The impact of AI will be different depending on the type of professional – bank manager, financial advisor or private banker – and the type of client, segmented by size of assets (mass market, affluent or private), by generational cohort (age) and by other socio-demographic variables (gender, marital status, residence, profession, etc.).
From an analysis carried out by FINER on the main experts and users of AI in the banking sector and in the networks of financial advisors, it emerges first of all that we must distinguish predictive AI from generative AI: the former uses data to predict or deduce a highly probable event that could occur in the future, the latter uses data to create new content.
In the world of banking, predictive AI finds and will increasingly find application in the field of evaluating the greater or lesser propensity to purchase products/services as well as in the greater or lesser aptitude to use different channels.
predictive AI will therefore be able to direct the offer and the optimal channel to propose an investment product, a policy or a mortgage in a targeted way on the individual potential customer, exponentially increasing the probability of success of the commercial proposition.
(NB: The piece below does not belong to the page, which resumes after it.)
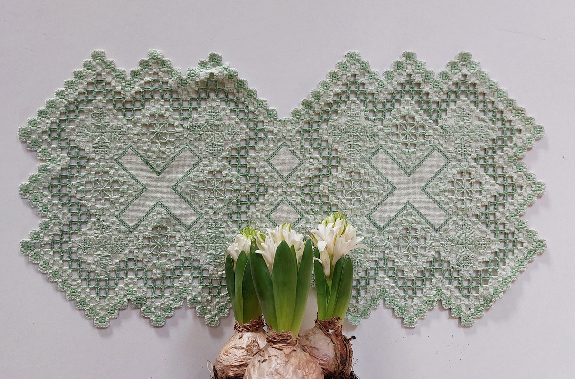 Een mooi Hardanger kleedje voor de dag na kerst.
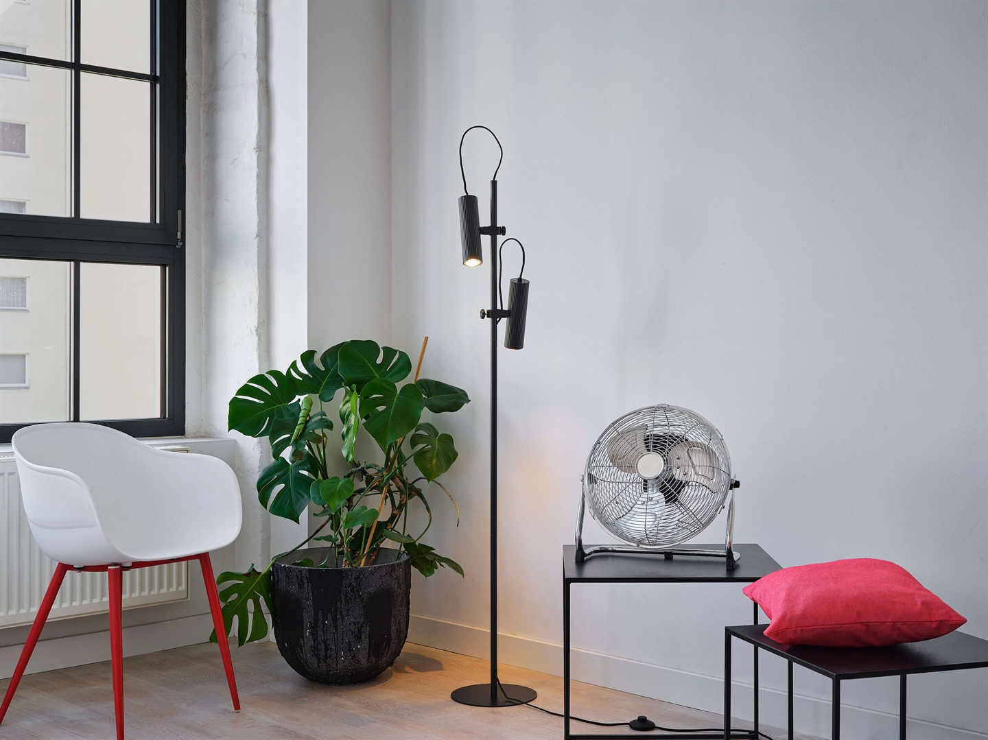 De vloerlamp Decor Drums in staal met een matzwarte afwerking heeft een minimalistisch ontwerp dat perfect in veel interieurs past. De geribbelde kappen zijn een subtiel detail dat de lamp een verfijnde uitstraling geeft. De lichtinval kan met de twee kappen worden aangepast, waardoor de lamp een uitstekende keuze is als leeslamp bij de fauteuil of sfeerverlichting in de woonkamer.

This could be done even before AI arrived, the difference lies in the fact that before, data was used in a static way, excluding statistically less relevant phenomena (the so-called data tails), while today, thanks to AI, every digital trace is analyzed in a dynamic and – indeed – predictive way.
In other words, with predictive AI it is much more likely to identify a possible trend from a weak and hidden signal than what happened in the past.
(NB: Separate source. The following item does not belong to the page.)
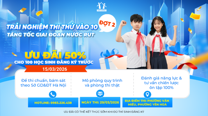HOCMAI CHÍNH THỨC MỞ ĐĂNG KÝ THI THỬ VÀO 10 ĐỢT 2

Predictive AI will have a significant impact on the implementation of traditional banking activities (transactions, e-money), in credit activities (risk analysis on mortgages, loans and financing): it is and will be increasingly widely used by bank managers dedicated to segments of medium-capitalized customers (mass market and low affluent), with more basic needs, on average younger and more oriented towards the use of digital channels.
Predictive AI can be likened to a sort of virtual assistant to which routine and medium-low added value operations can be delegated: with it, the professional – whether bank manager or financial advisor – will therefore be able to manage many more clients than in the past with the same amount of time and energy.
On the other hand, generative AI, starting from data to generate new content, will be able to create new narratives to be used with more advanced, demanding and well-capitalized clients (upper affluent and private), each one different from the other, as many as the types of clients.
Generative AI will be a real co-pilot who will sit in the cockpit alongside the commander impersonated by the financial advisor and the private banker, whose role is difficult to replace by the autopilot, especially during take-off and landing.
The optimal adoption of AI in banks and networks depends a lot on the vision of top management, just look at who recruits the best talents to discover who is short-sighted and who is far-sighted.